If Luc Sante wrote the phone book I’d read it. Twice. Happily, Sante’s new book Maybe the People Would Be the Times gathers pieces about music, art, and city life from the last twenty-plus years, so what he writes about is as compelling as the style with which he does it. Sante stubbornly refuses to write a stale line. Whether paying tribute to the young Patti Smith or imagining the subsequent lives of the original owners of 45s in his collection or recalling the long-gone businesses and denizens of the Lower East Side, he puts the reader right there, seeing what he saw, thinking what he thought.

Divided into five sections devoted, respectively, to music, adolescence, heroes, photography, and the old neighborhood, there are many overlaps in themes and subject-matter. As he notes early on, Almost everything of interest in New York City lies in some degree of proximity to music.” The city of his youth is one of possibility, a place where resourceful people can try and fail at poetry, painting, filmmaking, or music, dust themselves off and start anew the next day. Hiphop and No Wave are being birthed before his eyes and ears. There is little money to be made, so everyone is willing to take chances. It’s a place and time which would be as alien as a moonscape to a current visitor. Yet by vividly evoking the lives and the work of 70s and early 80s Sante makes that ghost city feel a thousand times more real than the posh Disneyfied creation which occupies the same geography today.

The pieces which deal with his early attempts to fit into American culture as an immigrant immediately rang a bell for me. That desperate, all-consuming study of the TV shows, records, magazines, and books of your new country in order to fast-forward inclusion and participation is all too familiar. It’s an added burden on top of the common unease of childhood and adolescence to have to translate the new and pretend to disown the old. Parents become strangers because they came of age overseas and often need you to interpret the simplest everyday thing in this new adopted land. It’s a discomfort not easily explained to your new American friends. Nobody wants to stand out until much later in life. When Sante writes of his mother, that “my failings wounded her, and my successes meant nothing to her because they occurred in a world she couldn’t or wouldn’t understand.” I know exactly what he’s talking about.

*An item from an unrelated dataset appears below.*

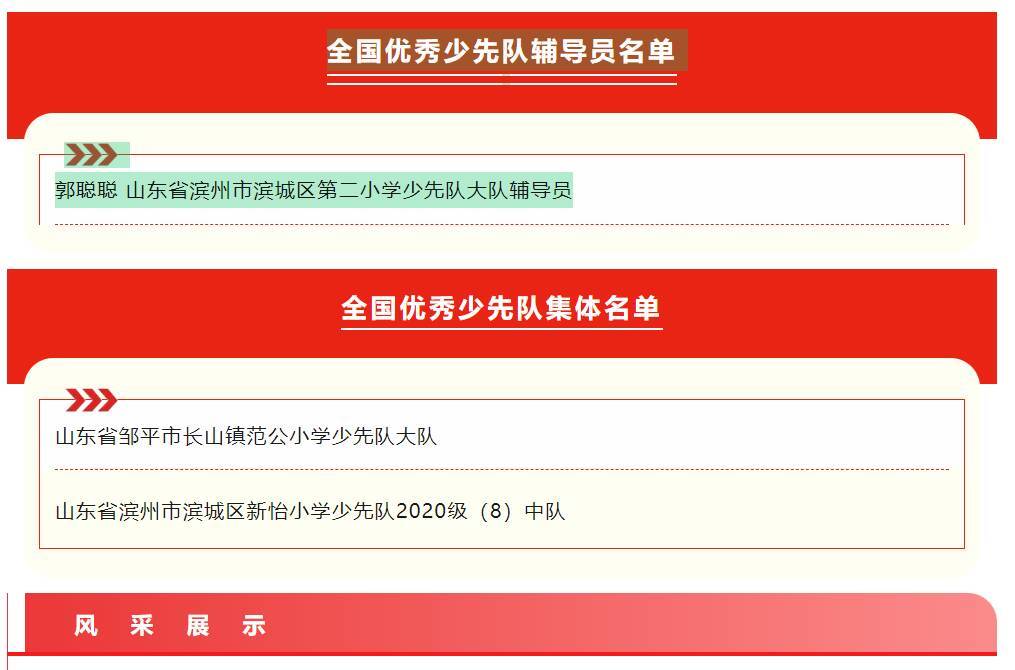 近日,共青团中央、教育部、全国少工委作出表彰决定,授予张天天等437人全国优秀少先队辅导员荣誉称号,授予北京市西城区康乐里小学少先队大队等590个集体全国优秀少先队集体荣誉称号。其中,滨州1人、2个集体获得荣誉称号。

His enthusiasm for the work he loves is contagious. Who wouldn’t run to the nearest bookstore for the entire run of Donald Westlake’s Parker crime novels after reading that You can consume the entire series and not once have to invest in a bookmark.” Upon finishing Sante’s tribute to pioneering film critic and painter Manny Farber I immediately reserved a book of his writing from the local library. I’d tried reading Farber many years ago but was maybe too young to get on his wavelength. Sante’s essay made me reconsider an assumption, which is an ultimate success any piece of writing could aspire to. To make a reader see a thing he thought he knew as if he’d never seen it before.

Sante also saves me the trouble of delving into work I was marginally curious about but avoided. He says of H.P. Lovecraft, “Where he fails utterly is in conveying lived experience, the material counterweight to his phantoms.” This confirms my suspicion that Lovecraft isn’t for me, but I read about him with as much interest as the essay on Georges Simenon—a writer I enjoy and respect. In the case of these two writers, Sante skillfully delineates the paradoxes and contradictions of their art versus their lives. It’s so often true that deeply flawed individuals leave the best of themselves on the page, tape, or screen. Whether an unabashed fan or harboring major misgivings, Sante makes us see artists in all their complexity and gives them their due. They’re lucky to have him as a reader, listener, and viewer.

Sante is one of the very few writers who almost makes me like photography. The pieces on vernacular, anonymous, and street photos are some of the most incisive in the entire collection. Sante understands the tabula rasa nature of the medium, how meaning is so often imposed on pictures by the viewer. He uses the images as a jumping off point for poetic speculation and for ruminating on unanswerable queries. When writing about a well-known figure like Weegee, he elevates the chronicler of crime-scene carnage to the museum realm, while ruefully noting how he never got his due while still alive.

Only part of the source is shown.